Ingo claims some very good results from this work. The software latencies
are now all very small. It would be interesting to see whether the
redirecting of hardware interrupts has any effect on interrupt response
latency, however. It remains to be seen whether a change of this magnitude
will be accepted - especially since (involuntary) kernel preemption is
supposed to be the real solution to latency problems. Building trust in
involuntary preemption is an ongoing process, while the voluntary approach
appears to have solved the problem now. In the end, that is likely to
count for something.
(Coincidentally, Scott Wood has posted a
different patch moving interrupt handlers into process context. His
patch creates a separate thread for each interrupt, which allows the
priority of each interrupt handler to be set independently. There is also
an SA_NOTHREAD flag to request_irq() which allows a driver
to request the old, IRQ-context mode. Ingo has said that he is likely to
adopt the multi-thread approach for his patch as well).
Comments (none posted)
As Linux desktop implementations become more sophisticated, they
increasingly need to know about what is going on in the kernel. The
desktop code would like to be able to respond properly to events like
"disc inserted," "disk full," "processor overheating," "printer on fire,"

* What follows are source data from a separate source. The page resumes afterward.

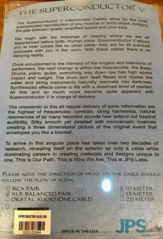 JPS รุ่น Superconductor Vสายสัญญาณจากอเมริกา ขั้วแบบ Balanced XLR ยาว 1 เมตร เป็นรุ่นล่าสุดมาแทน The Superconductor + อันโด่งดัง เสียงสะอาดมากๆ โปร่งเปิดเผย คมชัดจะแจ้งทุกรายละเอียด ปลายเสียงไปได้ยาวไกล เนื้อเสียงโดยรวมละเอียดเนียน ละมุนลื่นไหลต่อเนื่อง ไร้สากเสี้ยน สปีดกลางๆ เน้นความเที่ยงตรงสมจริงเป็นธรรมชาติ มี Total Balance ที่ดีมาก เสียงออกมากลมกล่อมน่าฟัง มิติดี มีเวที มีอิมเมจชัดเจน ช่วยแก้ไขชุดฟังที่เสียงทึบ ไม่สะอาด เบสบวมเป็นก้อน ปลายแหลมกุด รายละเอียดเสียงไม่ชัดเจน มีความกระด้างไม่ลื่นไหล ปัญหาเหล่านี้จะหมดไปครับ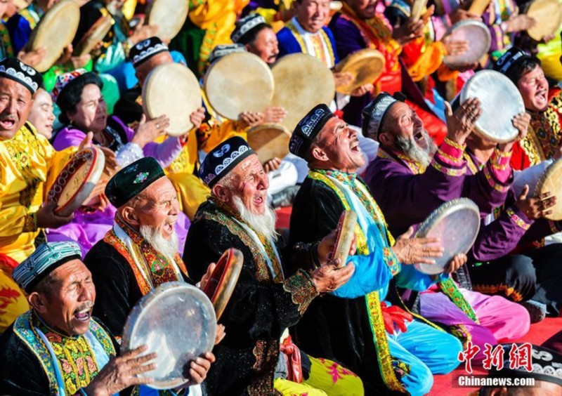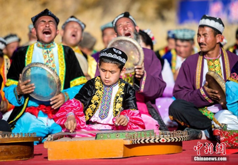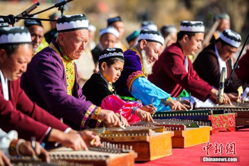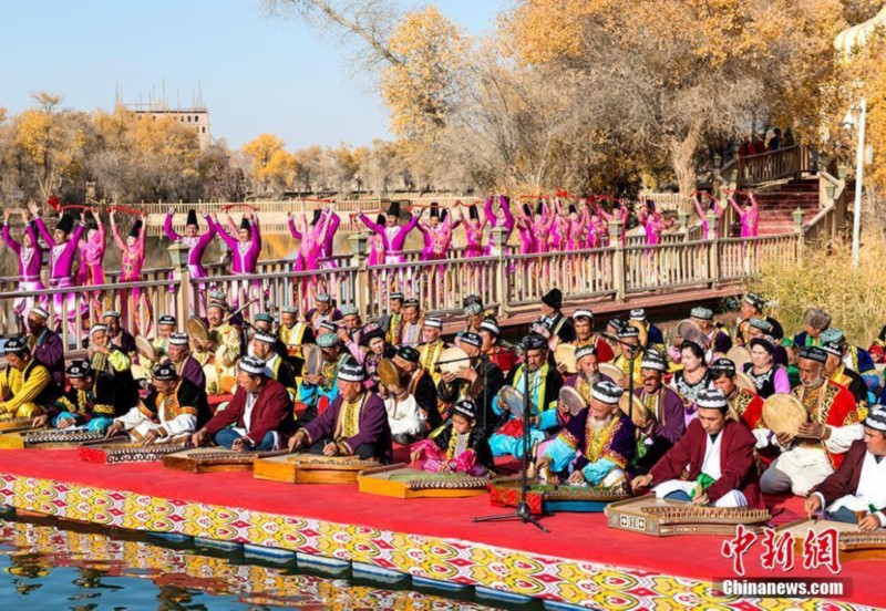 11月8日,新疆喀什地区巴楚县近150位民间艺人在叶尔羌下游河畔红海景区的胡杨林间弹起卡龙琴等乐器,激情演奏刀郎木卡姆乐章,当地千余名农民悠扬的乐声中跳起赛乃木舞蹈,吸引众多国内外游客前来观赏。据介绍,卡龙琴是维吾尔乐器中琴弦最多的古老弹弦乐器,古称七十二弦琵琶、“喀尔奈”,其发出的声音清脆悦耳,近似古筝,但比古筝的音色更明亮,是演奏维吾尔《十二木卡姆》不可缺少的乐器。金炜摄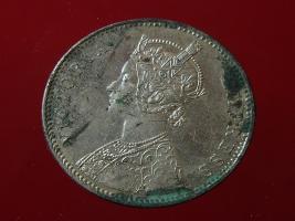 | Description / विवरण | The obverse shows the crowned bust of Victoria facing left, with the divided legend on either side along the edge. Milled rim, with dotted circle. Obverse legend Victoria Queen. Reverse, in centre, surrounded by floral border One rupee India 1880. Double circle with dots along the edge. |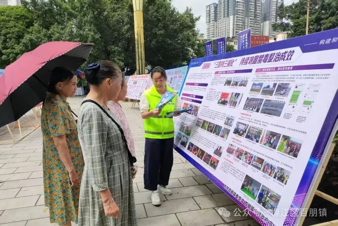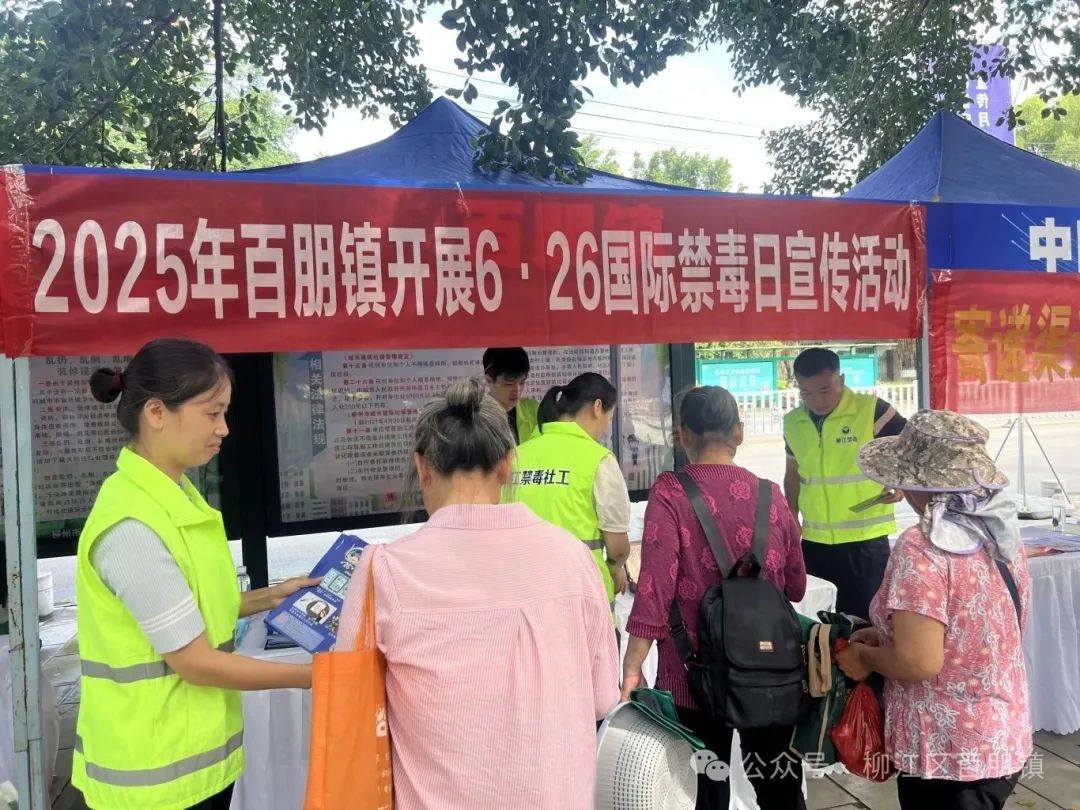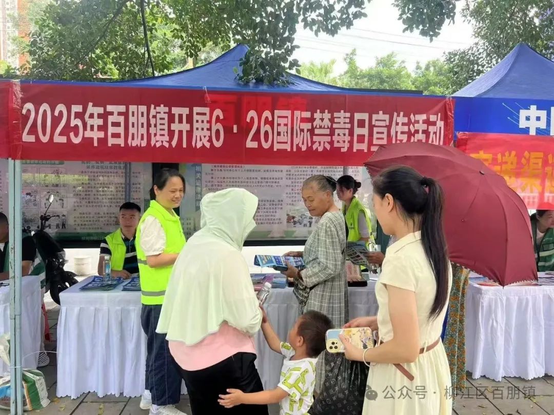 2025年6月是全国第15个"全民禁毒宣传月"。为进一步加强青少年毒品预防教育工作,提升青少年防范药物滥用意识,6月12日,由广西第二强制隔离戒毒所与柳江区禁毒委员会联合主办的"防范青少年药物滥用"柳江区2025年全民禁毒宣传月活动启动仪式隆重举行,百朋镇参与活动演出,并在展板区开展禁毒宣传活动。

and so on. So far, much of this functionality has been implemented by
polling devices and
/proc files and looking for changes. That
solution is, to say the least, inelegant.
As a way of improving things, Robert Love has posted a patch (since updated) adding a kernel event notification.

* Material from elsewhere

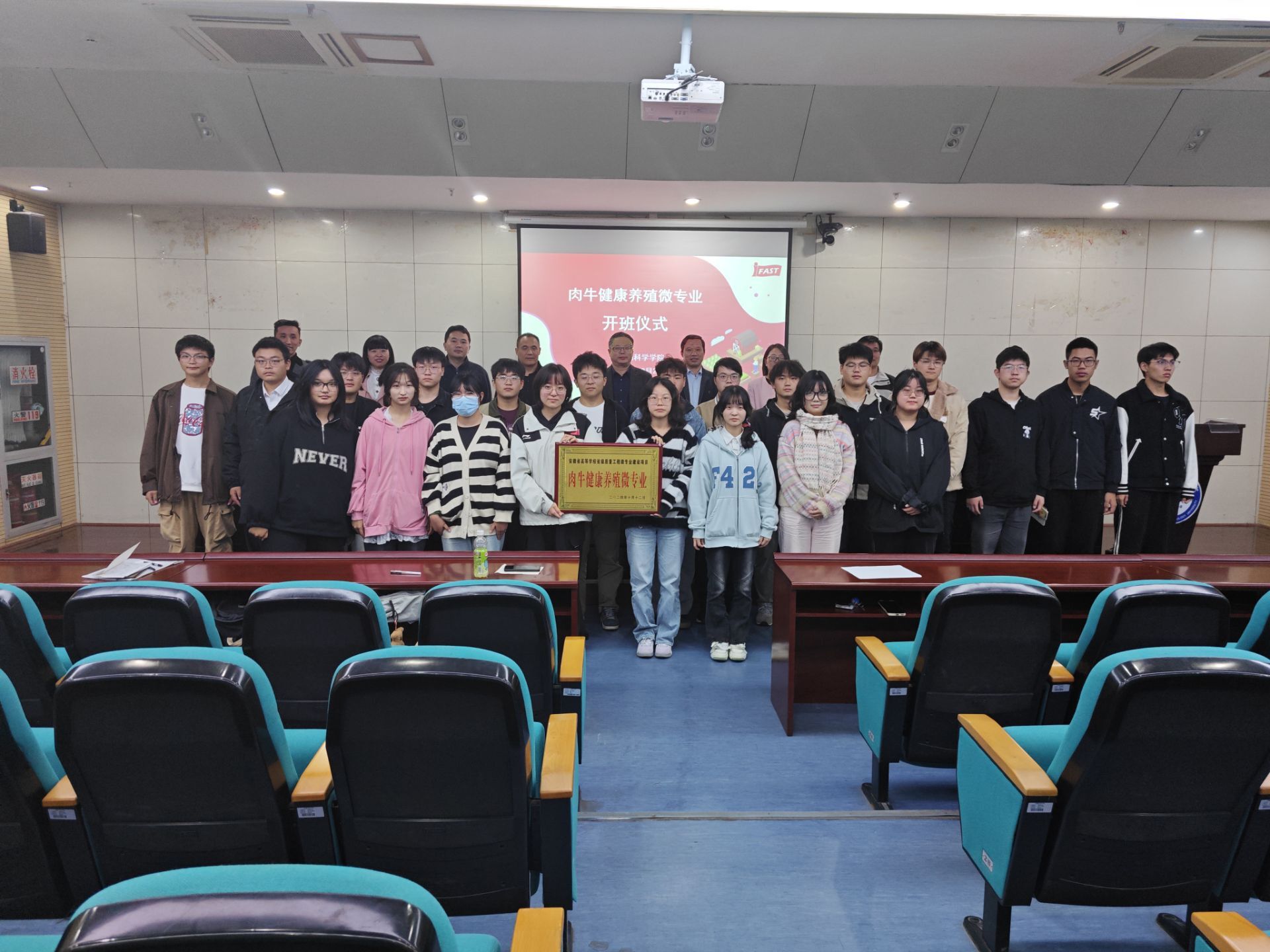 动物科学学院党政主要领导在致辞中指出“肉牛健康养殖”微专业的设立顺应“新农科”发展趋势,立足于国家乡村振兴战略和现代肉牛产业发展,依托安徽肉牛现代产业学院,旨在提升学生对肉牛生产知识的理解与掌握,突出智能化、信息化和生物技术化,培养一批具备现代肉牛养殖理念、掌握先进养殖技术的创新型、复合型、应用型人才。

This patch, initially by Arjan van de Ven, uses the netlink mechanism to
broadcast events out to interested user-space processes. The intent is for
the events to be further redistributed using D-BUS, but other uses are possible.
Within the kernel, events are created with a call to
send_kevent():
int send_kevent(enum kevent type,
const char *object,
const char *signal,
const char *fmt, ...);
The type argument gives the broad class of the event; current
options are KEVENT_GENERAL, KEVENT_STORAGE,
KEVENT_POWER, KEVENT_FS, and KEVENT_HOTPLUG.
The object is a unique string giving the source of the event; it
is derived from the location of the source file in the kernel tree. The
signal says what is actually happening, and the rest of the
arguments are a printk()-style format string and arguments giving
further information. The patch only adds one set of calls, for noting CPU
temperature transitions; they look like:
send_kevent(KEVENT_GENERAL,
"/org/kernel/arch/kernel/cpu/temperature", "high",
"Cpu: %d\n", cpu);
The patch as a whole is not particularly controversial, but there are some
concerns about the "object" namespace. Some developers would like to see
the mechanism more closely tied into the device model, so that the object
as represented here is related to an object in the sysfs hierarchy. Some
have asked whether this mechanism should replace the current hotplug
interface; that is not the intent, however. There has also been a call for
some wrappers to ensure that, for example, device drivers all generate the
same sort of event for the same kind of situation.
This is all detail work; chances are that the event code will find its way
into the mainline in some form. Then there is the little issue of making
the desktop actually respond to these events in a useful way. But that, of
course, is just a user-space problem.